LA JOLLA, Calif. -- The game of golf is all about physics, from gravity to the flex of the shaft. That's why a Yale physics professor is combining his expertise and love for the game to create an amazing new golf club.
Golf is all about the swing.
"You're not supposed to swing hard to get the ball far, you're supposed to control the club and yourself to hit the ball farther," says Tom Wyer, an assistant golf pro at Torrey Pines Golf Course in La Jolla, Calif.
Physicist Robert Grober has combined his professional experience with his passion for golf to create a device that offers real-time audio feedback to help you get the swing of things.
"When you can hear your motion, that turns out to be a very useful thing," says Grober, of Yale University in New Haven, Conn.
Grober's Sonic Golf Club uses motion-detection sensors and wireless technology to coach the user. When a player swings, sensors measure the speed of the club. This triggers an electrical signal picked up by wireless headphones. The player hears an orchestra of sounds from low to high pitch so they can "hear" the speed of their swing.
"It can help people make real changes in their golf swing," Grober says, "just by changing what they hear instead of telling them physically to do this or that or the other thing with their hands mechanically."
The technology can easily be inserted into any golf club. The sound is different for each person, but when professional golfers swing, they generate the loudest, highest pitch sound when hitting the ball.
Beginning golfers, like Kimberly Malasky, often create a high-pitch sound before or even after they've smacked the ball. After using the Sonic Golf Club, Malasky says, "I felt that I had more control over my swing whereas before I think my swing was more, kind of, all over the place." It's a physics lesson she hopes to take to the tee.
PGA professional Bill Greenleaf has tested the Sonic Golf Club with 40 golfers. He says 98 percent of them made a dramatic improvement in their swing within 15 minutes. The Sonic Golf Club should be available to consumers in January for about $400.

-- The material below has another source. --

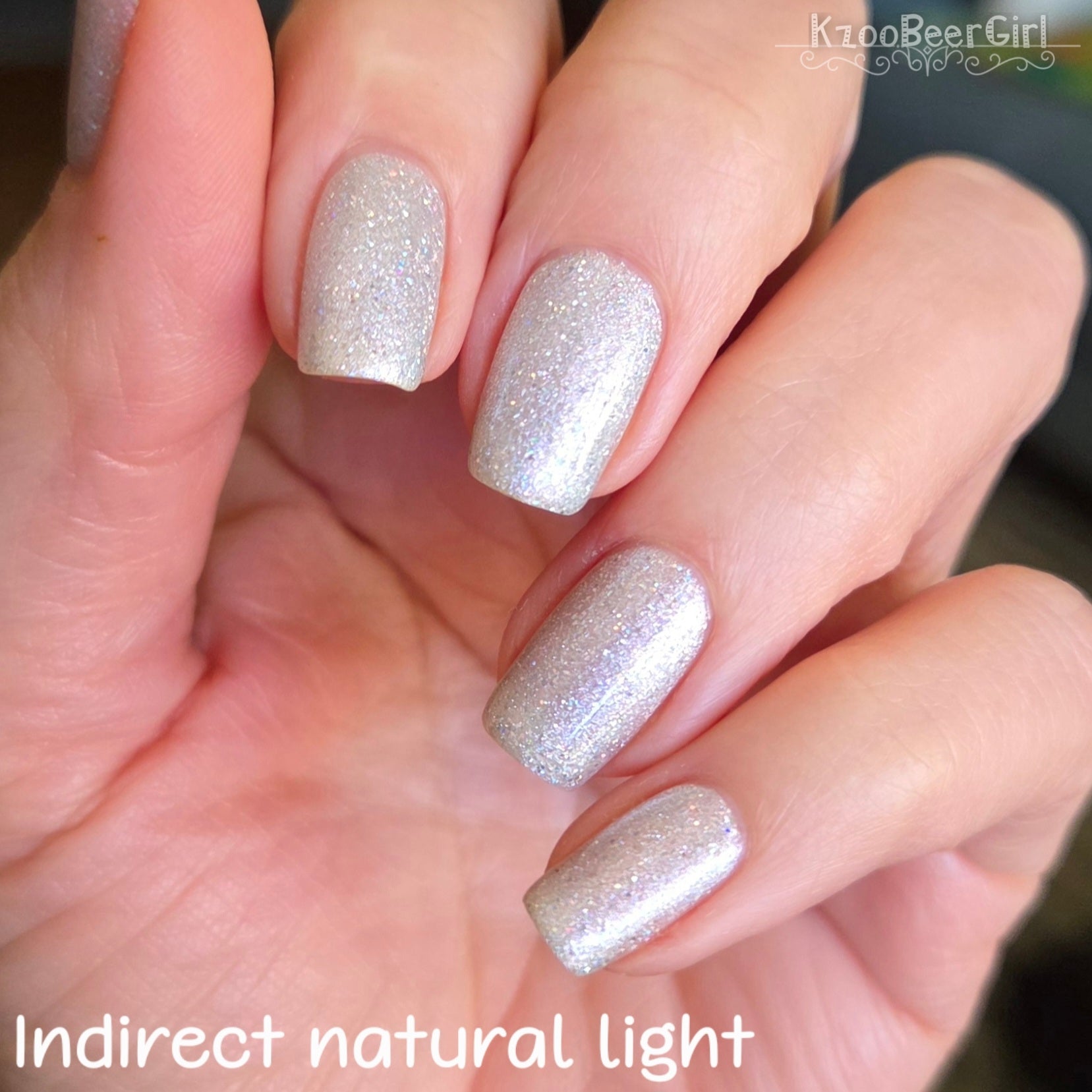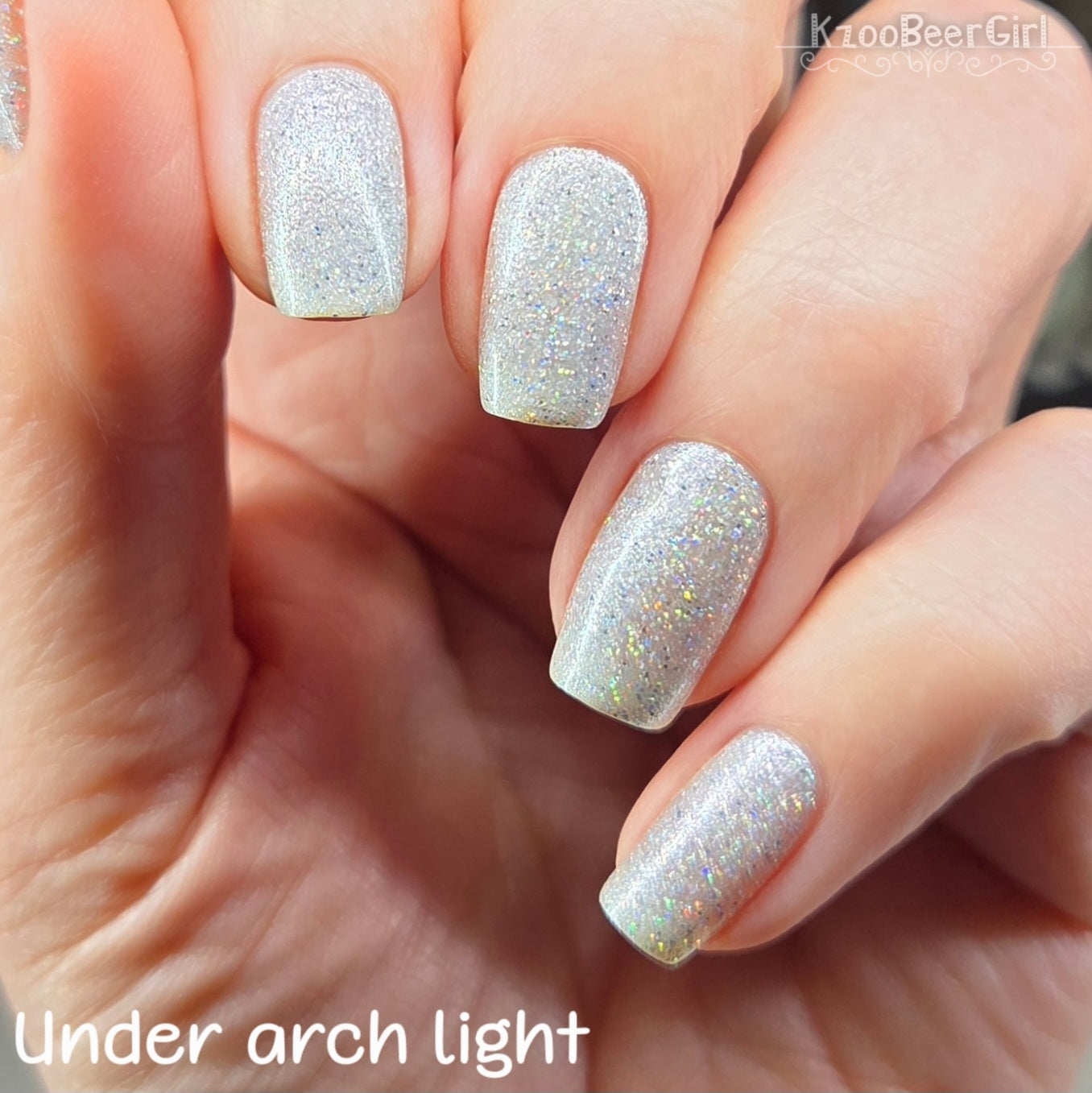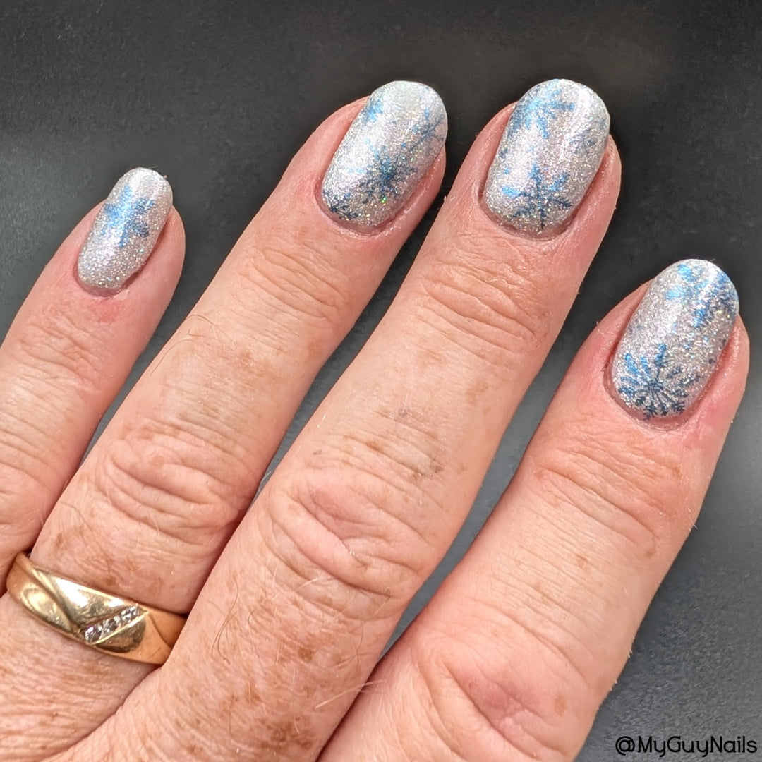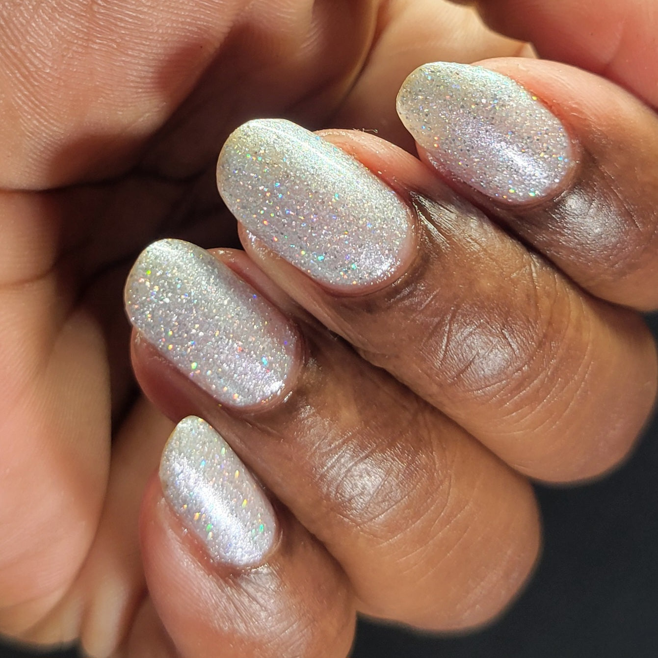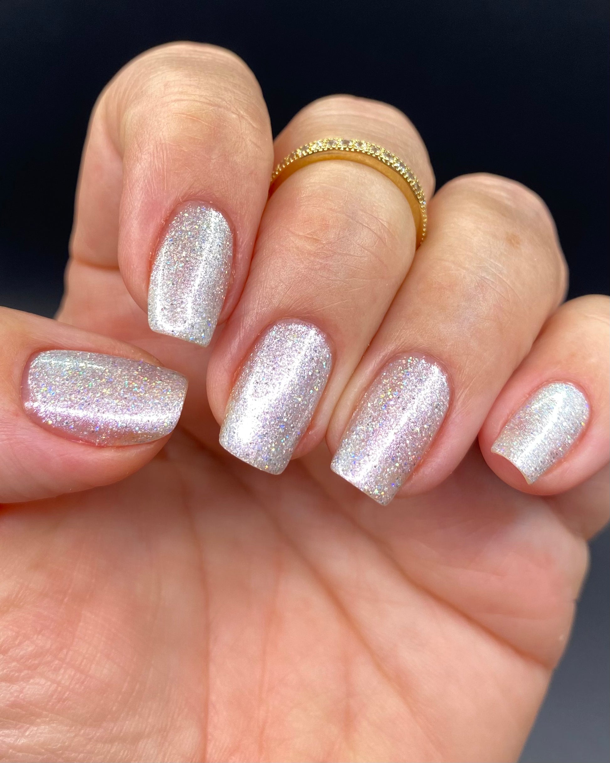 It's just a tiny dusting, it's not Snowmageddon! This polish is a super shimmery base with shifts from pink/purple/blue and loaded with holo flakes and micro silver holo.
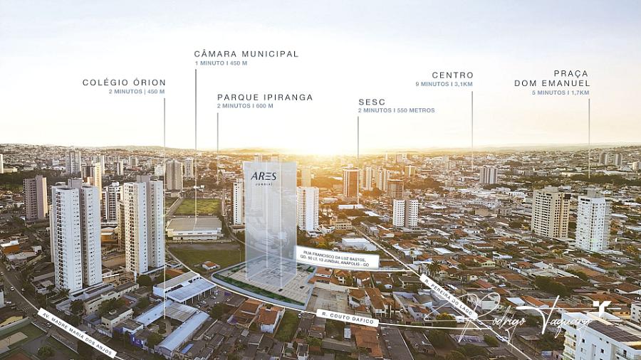 O Ares Jundiaí será o edifício mais alto da região, com rooftop no 30º pavimento e vista panorâmica 360°. Localizado no Jundiaí, bairro nobre de Anápolis, o projeto oferece plantas de 62 a 82 m², com opções de 2 ou 3 quartos, 1 suíte, lavabo, escaninho privativo e espaço office.

HOW IT WORKS: Robert Grober's Sonic Golf tool uses motion-detecting sensors. When a player swings the club, sensors located in the shaft send wireless signals to a small base station receiver placed a few feet away. The receiver contains a microprocessor and a sound card that unravels the signal from the sensors and converts it into an audio "soundscape" representing the various speeds of the club during the backswing and downswing. A slow swing produces soft, low-pitched notes; a fast swing produces loud, high-pitched tones. These are transmitted back to the player through a set of wireless headphones. The golfer can then adjust his or her motion to generate the sound of a perfect swing.
WHAT MAKES A PERFECT SWING: Grober collected data during initial tests with PGA players and coaches. He found that when professional golfers swing, they generate the loudest, highest-pitched sound right when they contact the ball. They also produce absolute silence at the top of the backswing before making the transition to their downswing.
This fits with what is known about the physics of a golf swing. It is an excellent example of angular motion. The swing produces a twisting force, called a torque, on the club, changing the club's speed. To get the longest drive, the key is how fast the club head is traveling at the bottom of the swing. The faster it is moving when it hits the ball, the more kinetic energy will be transferred to the ball, and the further it will travel.
Most professional golfers can reach a club head speed of 100 mph at the bottom of their swing; Tiger Woods, known for having one of the longest drives in the sport, can reach speeds as high as 125 mph. Among other key elements, Woods reaches as far back as possible at the start of the swing to extend his range of motion and give the club a greater distance over which to accelerate. He builds up the club's speed as he swings by turning his torso quickly, then drives through the ball, allowing the club head's momentum to extend his follow-through swing far around his back. The result is a long and smooth rotation of the club head.
WHAT IS BIOFEEDBACK: Biofeedback is a technique that allows people to control not just a golf swing, but also their unconscious body functions, such as breathing. The person is connected to a device via electrodes that pick up electrical signals from the body. He or she then receives audio or visual cues to indicate changes in unconscious body activities involving the muscles, skin, heart and sweat glands, among other organs. The process is often a matter of trial and error as the person learns to make adjusts to control their physiological functions.